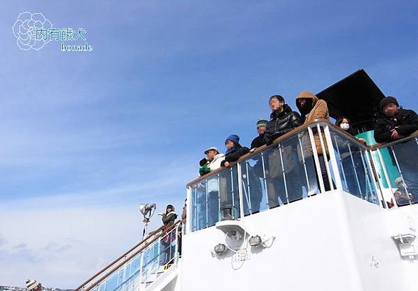 網走的海鷗一點也不怕人啊,船上這麼多觀光客,牠們仍無所畏的停下來休息
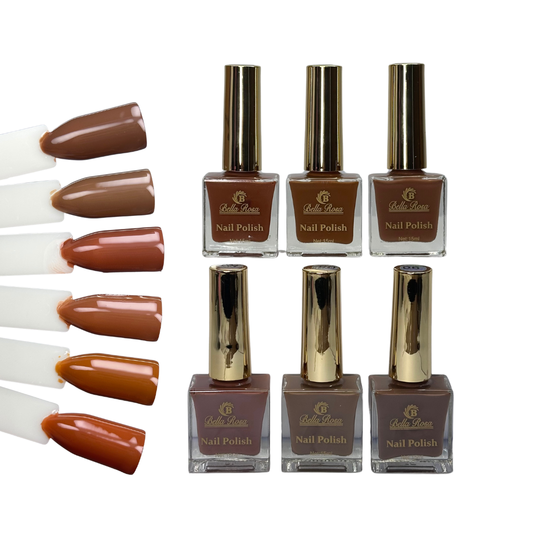 A Coleção 06 Tons Marrons Bella Rosa traz uma seleção perfeita de cores clássicas e elegantes para o dia a dia. São esmaltes tradicionais, de alta cobertura e longa duração, desenvolvidos para quem ama unhas impecáveis com cores versáteis e sofisticadas.
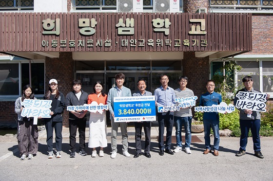 (전북=NSP통신) 김광석 기자 = JB금융그룹 전북은행지역사랑봉사단(공동단장 백종일 은행장, 정원호 노조위원장)은 고창 희망샘학교에 지역사랑성금 400여만원을 전달했다고 7일 밝혔다.
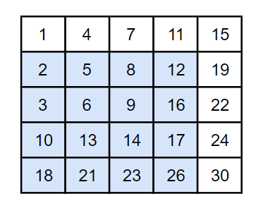 当前元素的查找区间为左下角的所有元素,例如元素 12 的查找区间如下:
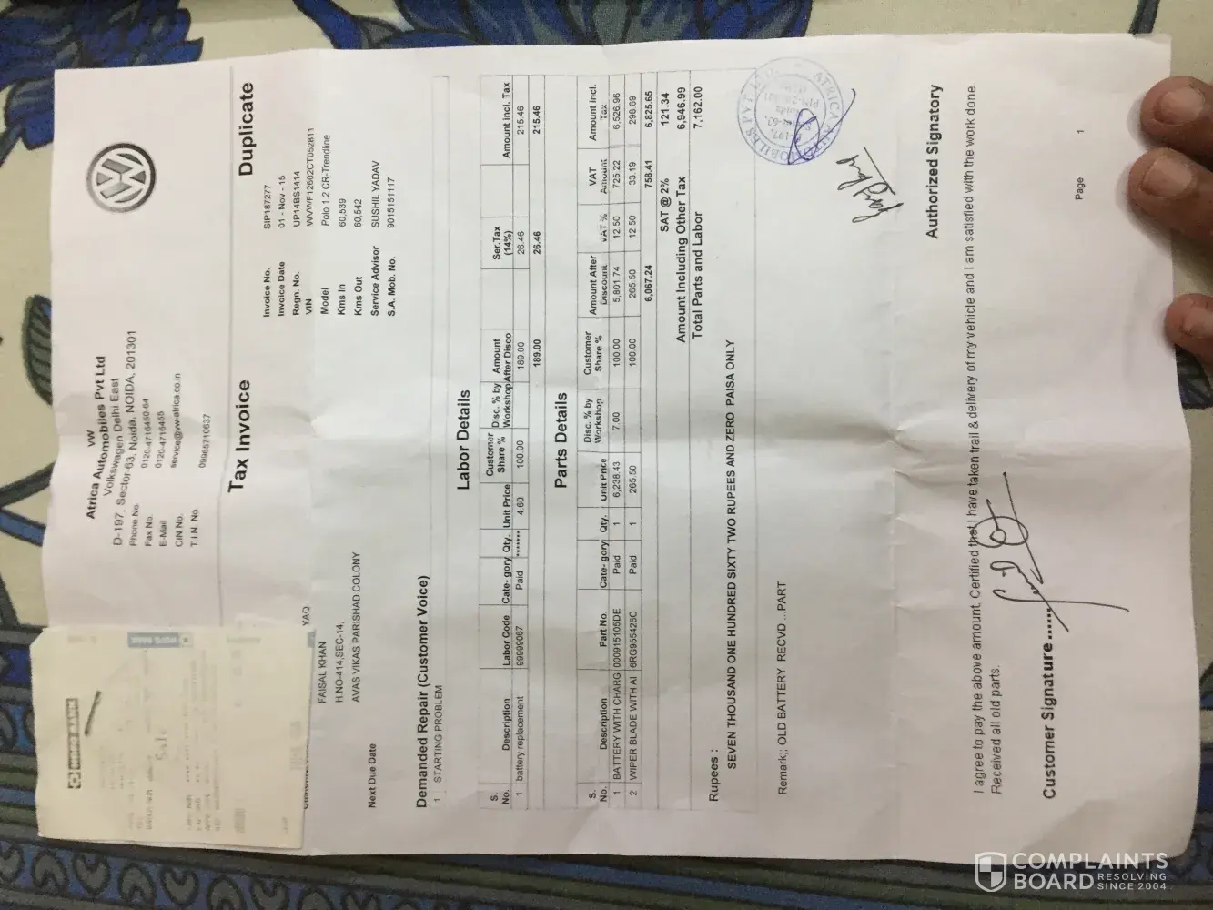 I have just got an invoice of a wiper blades replacement.nothing mentioned about the battery replacement. kindly look into the matter seriously.

What this task involves =>
Retype all the entries exactly; drop the pictures.

Response box =>
 網走的海鷗一點也不怕人啊,船上這麼多觀光客,牠們仍無所畏的停下來休息
 A Coleção 06 Tons Marrons Bella Rosa traz uma seleção perfeita de cores clássicas e elegantes para o dia a dia. São esmaltes tradicionais, de alta cobertura e longa duração, desenvolvidos para quem ama unhas impecáveis com cores versáteis e sofisticadas.
 (전북=NSP통신) 김광석 기자 = JB금융그룹 전북은행지역사랑봉사단(공동단장 백종일 은행장, 정원호 노조위원장)은 고창 희망샘학교에 지역사랑성금 400여만원을 전달했다고 7일 밝혔다.
 当前元素的查找区间为左下角的所有元素,例如元素 12 的查找区间如下:
 I have just got an invoice of a wiper blades replacement.nothing mentioned about the battery replacement. kindly look into the matter seriously.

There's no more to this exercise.